If local business and neighborhood leaders are critical of the Harley Avenue plan, it’s not because they object to all changes along Montgomery Street. Davis said that, with the expansion of the University of North Texas Health Science Center and the opening of the new Fort Worth Museum of Science and History, Montgomery is fast becoming the entryway to the Cultural District.

“Obviously, this project is being done on behalf of the rodeo arena, but there will be others affected, and we don’t know what the unintended consequences might be 10 years down the road,” he said.

Bryan Beck, senior capital projects officer for the city, told the Weekly in an e-mail that the terminus of the road at El Campo has to do with development potential. “The El Campo alignment provides better access to undeveloped property in the area,” he said. Beck also said the Harley realignment would be “one of the last arterials to be constructed” from projects that were approved in the 2004 bond program.

Event Facilities, the group whose undeveloped property looks to benefit the most from the realignment, lists its mission as promoting agricultural sciences and “to assist with the establishment of a new arena for the Will Rogers Memorial Center.” According to its 2009 IRS filing, Events Facilities had $50 million in assets. Neither the group’s board chairman, Ed Bass, nor CEO Mike Groomer would comment for this story.

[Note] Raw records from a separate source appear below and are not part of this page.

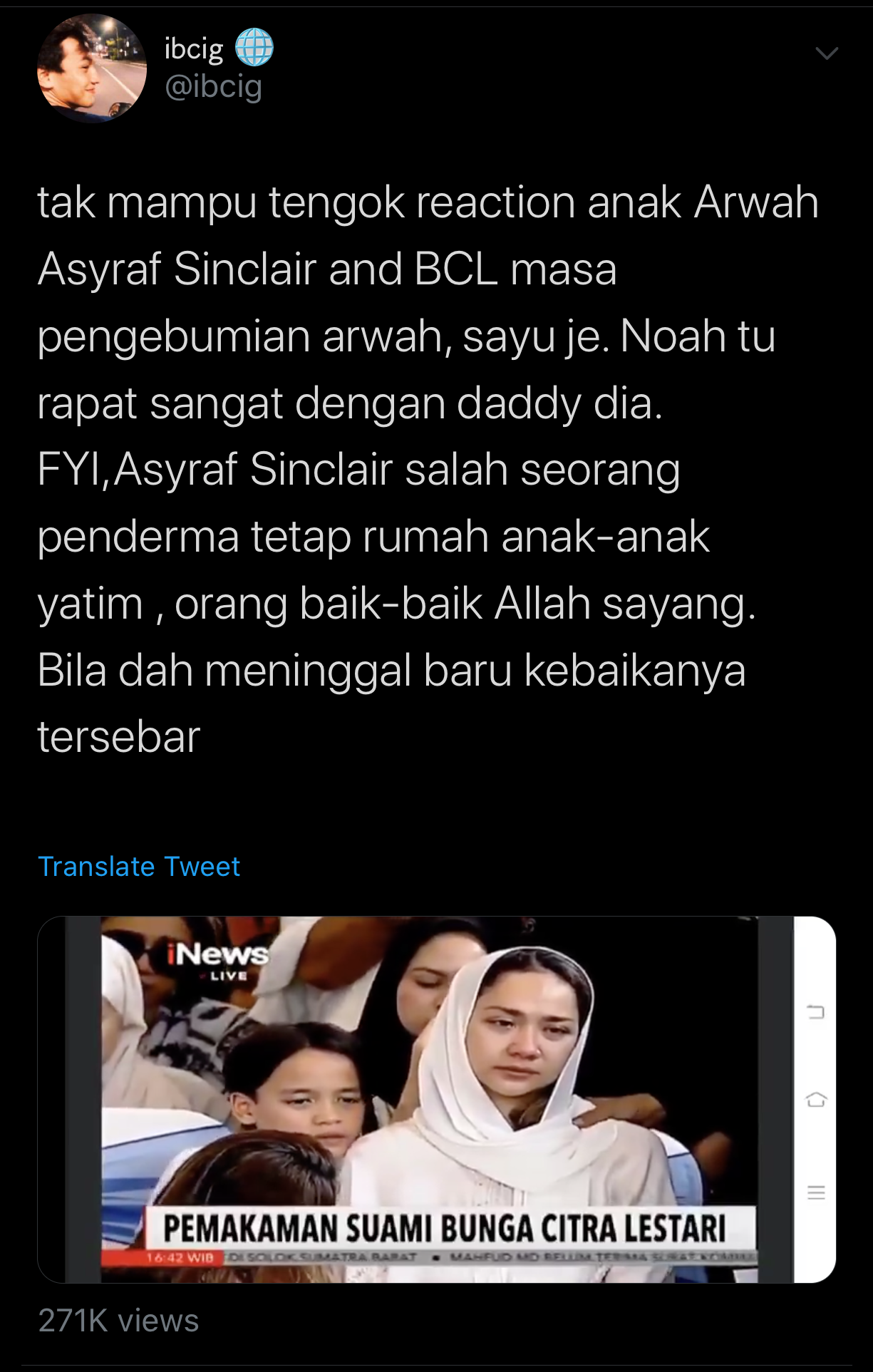 Luluh hati netizen apabila melihat video yang memaparkan momen anak tunggal penyanyi Bunga Citra Lestari, Noah Aidan Sinclair sewaktu menghadiri majlis pengebumian bapanya, arwah Ashraf Sinclair.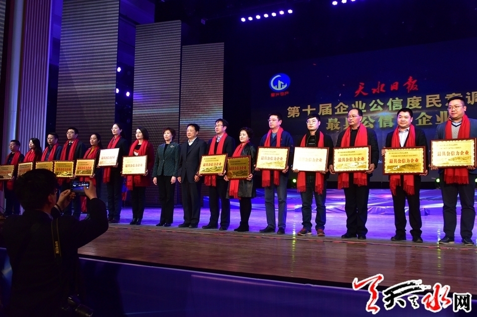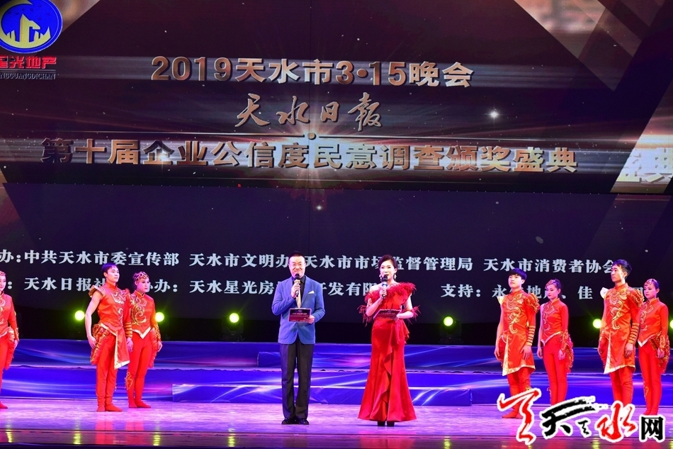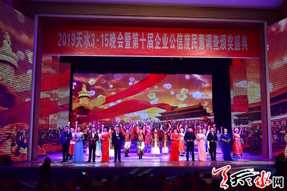 ????3月15日晚,由市委宣傳部、市文明辦、市市場(chǎng)監(jiān)督管理局、市消協(xié)主辦,天水日?qǐng)?bào)社承辦的2019天水市“3?15”晚會(huì)暨《天水日?qǐng)?bào)》第十屆企業(yè)公信度民意調(diào)查頒獎(jiǎng)盛典在秦州大劇院隆重舉行。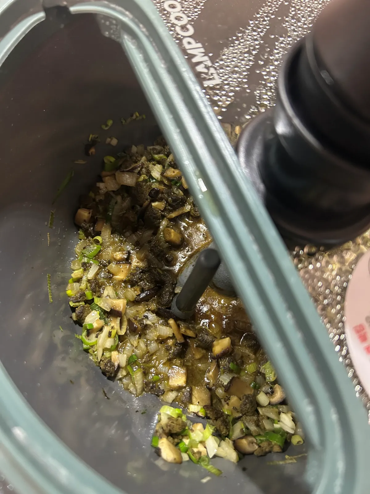 먼저 참기름, 전복 내장, 야채 넣고 자동 회전 그릴 돌려줍니다.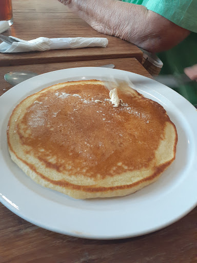 Breakfast was good, but blueberry pancakes tasted freezer burnt. Decaf coffee was expensive at $2.69 and weak. Service was great and bacon was excellent. May give it a try for lunch.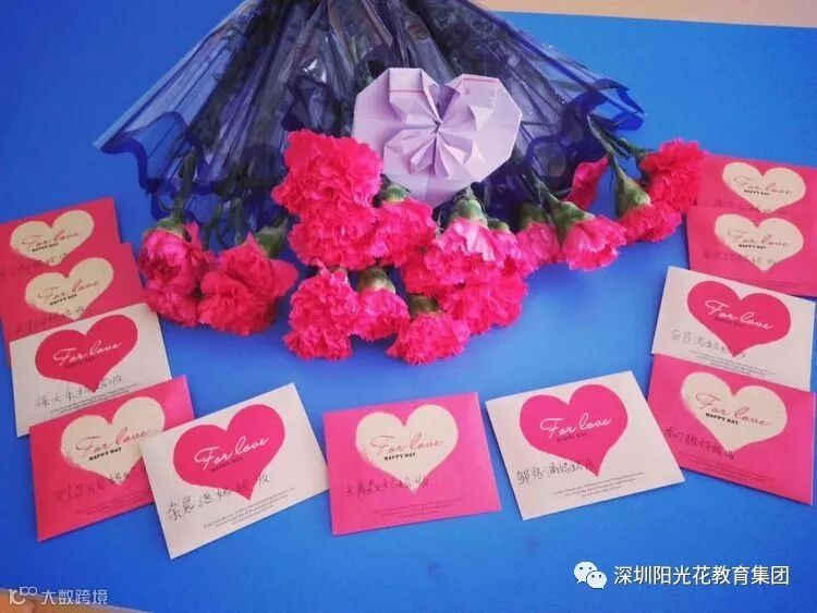 看!好看吗?一枝枝娇嫩的康乃馨,一封封画有爱心的小信封,那是孩子们的满满的爱,老师们的浓浓的情!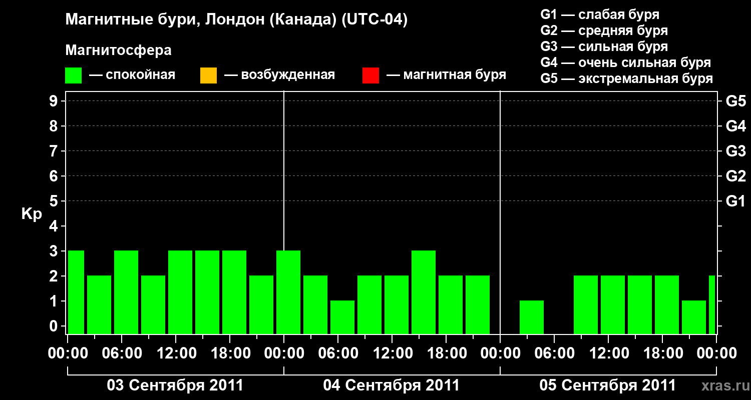 Магнитные бури Лондоне (Канада) в сентябре 2011 года

City staffers have estimated that Fort Worth needs to spend $1.8 billion over the next decade to keep up with transportation demands. That includes $585 million to remedy “existing street capacity deficiencies” and $400 million to replace poor-quality neighborhood streets.

Even though the city is counting on using bond capacity approved in 2004 for the Harley project, the city is not actually planning to sell those bonds until 2013 — two years after the project is started. Why? Because the city’s bond rating, which is still recovering from a drop in 2004, could be affected.

In the meantime, the plan is for the city to lend itself $1.75 million from another pocket to fund the project. That pocket is the city’s aviation fund, which has grown fat with profits from Barnett Shale gas drilling at city airports. By federal law that money must be used only at those airports — but the city is availing itself of a loophole that allows it to lend the money for other projects, as long as the funds are repaid with interest. The loan would be for three years, with interest totaling about $230,000, according to city estimates.

“The city has moved this project up and is paying a higher cost to do that,” the real estate developer said. “But no one can answer the question as to why it needs to be done now.”